No Brasil e na América Latina quase todo mundo é batizado. Nossos pais talvez não tenham tido uma fé tão esclarecida mas tiveram fé suficiente para batizarem seus filhos e através deste sacramento nós recebemos como que uma semente. Esta semente precisa ser devidamente cuidada para vir a se transformar numa floresta. E todos, e cada um de nós quando foi batizado recebeu esta semente mas muitas vezes não a cultivou, nunca disse sim conscientemente para que ela crescesse. Mas a principal coisa que precisamos fazer no Brasil é viver nossa fé integralmente, em público e de uma maneira alegre para atrair as pessoas para Jesus, para Maria e para a Igreja. A pregação protestante é tão eficaz porque eles falam, proclamam que Jesus está vivo, que Jesus ama e eles vão até as pessoas sem medo. Em cada missa nós proclamamos que Jesus está vivo, que Jesus ama. Precisamos deixar que essa vida flua através de nós, sem medo. Às vezes tememos que se formos muito alegres nosso comportamento será pouco apropriado, será um anti-testemunho. Mas não! Os cristãos são as pessoas mais felizes do mundo!
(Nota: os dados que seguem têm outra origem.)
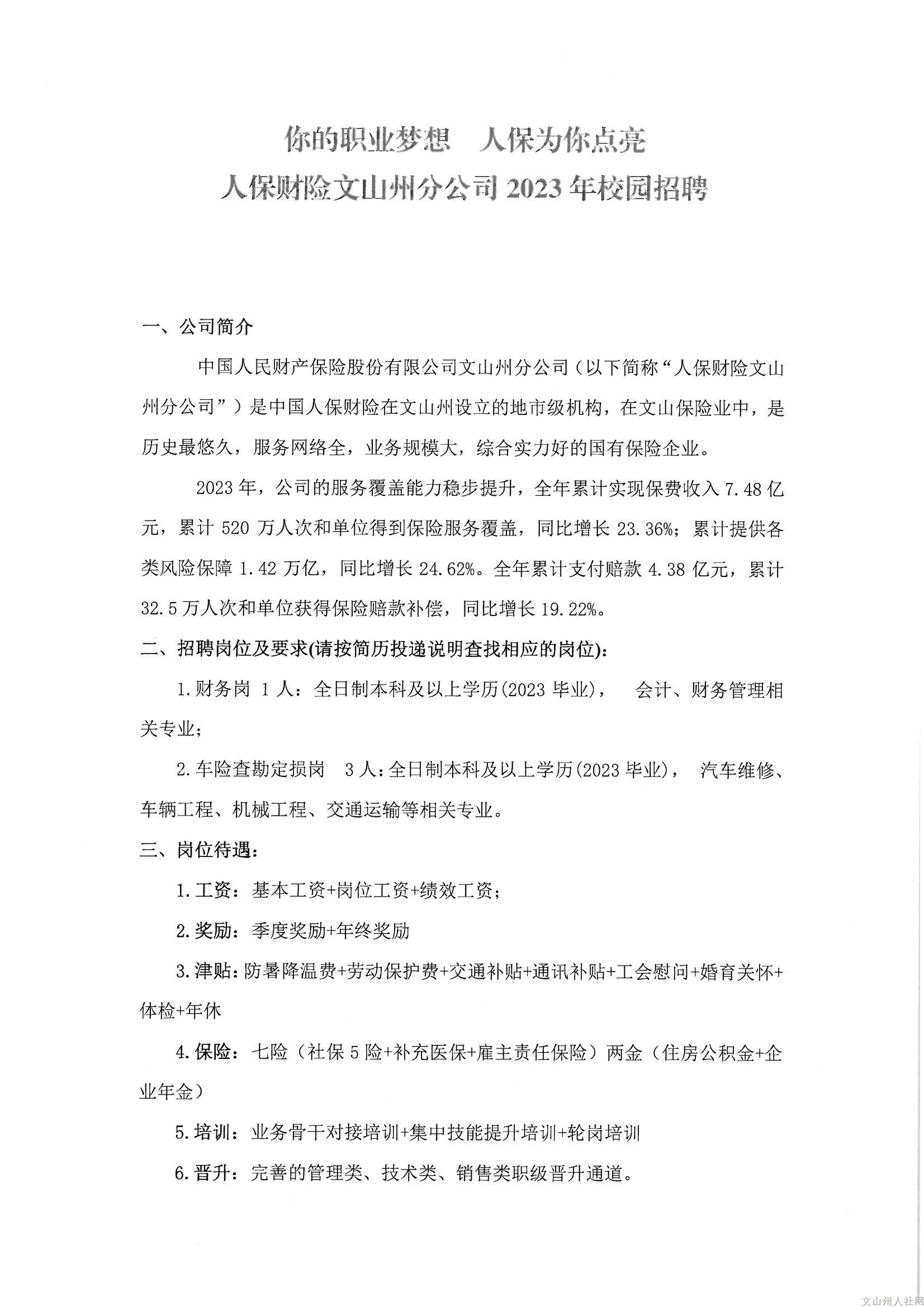 2023年人保財(cái)險(xiǎn)文山州分公司校園招聘

Nós temos Jesus, nós temos Maria, nós temos a Igreja, os sacramentos, nós temos a beleza das catedrais, da vida eterna, nós temos a Tradição. Nós temos tudo! Então, sejamos alegres, vamos ajudar às pessoas, os pobres, mas façamos isso de forma alegre, repito. É o mais importante que podemos fazer: sermos cristãos alegres!
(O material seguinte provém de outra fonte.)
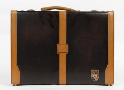PORSCHE: A high quality factory brown leather circa 1980s hand held brief case with affixed enameled Beverly Hills Porsche badge.

Shalom Maná: Você acredita que tem um papel no ecumenismo por causa da sua história como pastor pentecostal por tantos anos? Como o ecumenismo deve ser feito?

Richard: Acho que tenho um papel sim nessa questão da unidade do Corpo de Cristo mas sobretudo creio que na questão do ecumenismo precisamos ser honestos. Não pode ser um movimento onde nós nos detemos somente naqueles aspectos da fé em que há concordância, que se resume à pessoa de Jesus e aí só falamos de Jesus. Eu não acredito nessa postura. O que eu acredito que vai nos unir, protestantes, católicos, ortodoxos é sermos capazes de partilhar a nossa fé por inteiro, do fundo do coração. Precisamos aprender a escutar e chegaremos à conclusão que cremos basicamente na mesma coisa.